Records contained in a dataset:
━━━━━━━━━━━━━━━━

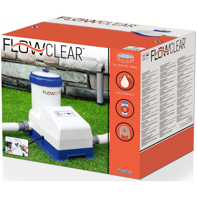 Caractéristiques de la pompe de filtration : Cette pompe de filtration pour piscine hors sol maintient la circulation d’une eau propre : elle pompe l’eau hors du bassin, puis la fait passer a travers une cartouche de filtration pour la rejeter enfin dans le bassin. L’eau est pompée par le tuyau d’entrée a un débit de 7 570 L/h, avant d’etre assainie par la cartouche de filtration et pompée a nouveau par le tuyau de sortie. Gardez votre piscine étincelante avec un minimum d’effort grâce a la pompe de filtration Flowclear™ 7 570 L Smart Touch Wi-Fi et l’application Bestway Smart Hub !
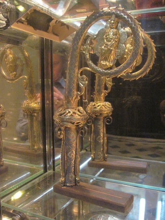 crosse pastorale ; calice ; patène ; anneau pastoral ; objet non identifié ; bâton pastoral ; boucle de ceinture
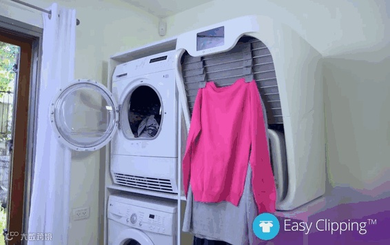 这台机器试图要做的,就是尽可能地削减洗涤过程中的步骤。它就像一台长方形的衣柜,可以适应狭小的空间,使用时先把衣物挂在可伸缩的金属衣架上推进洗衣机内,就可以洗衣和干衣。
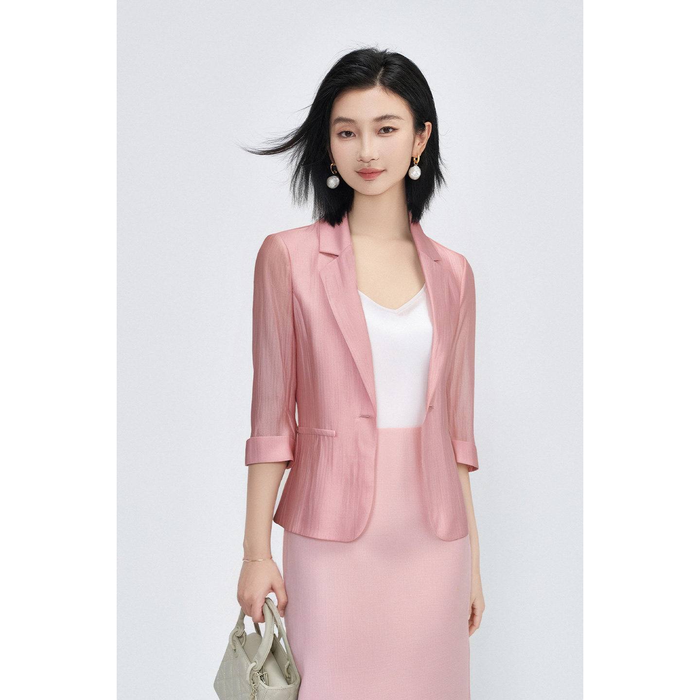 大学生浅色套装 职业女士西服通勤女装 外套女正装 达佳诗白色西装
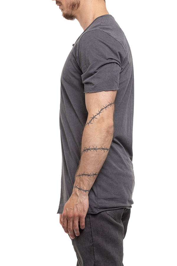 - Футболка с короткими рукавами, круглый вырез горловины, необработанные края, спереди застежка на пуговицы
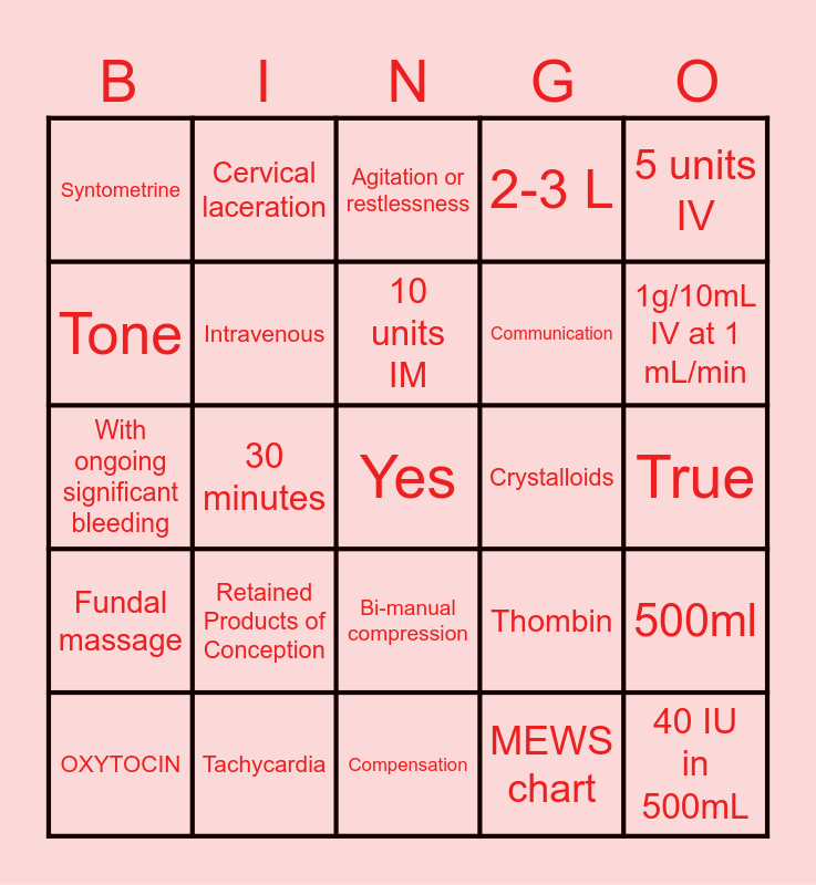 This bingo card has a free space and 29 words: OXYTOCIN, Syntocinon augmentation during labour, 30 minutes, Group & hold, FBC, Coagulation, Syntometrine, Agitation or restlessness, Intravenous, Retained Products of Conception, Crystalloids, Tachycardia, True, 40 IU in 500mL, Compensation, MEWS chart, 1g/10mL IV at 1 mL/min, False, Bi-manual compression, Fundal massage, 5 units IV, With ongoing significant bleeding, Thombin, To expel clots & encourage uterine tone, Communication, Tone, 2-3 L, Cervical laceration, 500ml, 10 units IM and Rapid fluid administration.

━━━━━━━━━━━━━━━━

__Work order__:
Your copy should consist only of the lines from the one containing "- Футболка с" through the last line of the entries above, reproduced exactly, without pictures.

__Task response__:
 - Футболка с короткими рукавами, круглый вырез горловины, необработанные края, спереди застежка на пуговицы
 This bingo card has a free space and 29 words: OXYTOCIN, Syntocinon augmentation during labour, 30 minutes, Group & hold, FBC, Coagulation, Syntometrine, Agitation or restlessness, Intravenous, Retained Products of Conception, Crystalloids, Tachycardia, True, 40 IU in 500mL, Compensation, MEWS chart, 1g/10mL IV at 1 mL/min, False, Bi-manual compression, Fundal massage, 5 units IV, With ongoing significant bleeding, Thombin, To expel clots & encourage uterine tone, Communication, Tone, 2-3 L, Cervical laceration, 500ml, 10 units IM and Rapid fluid administration.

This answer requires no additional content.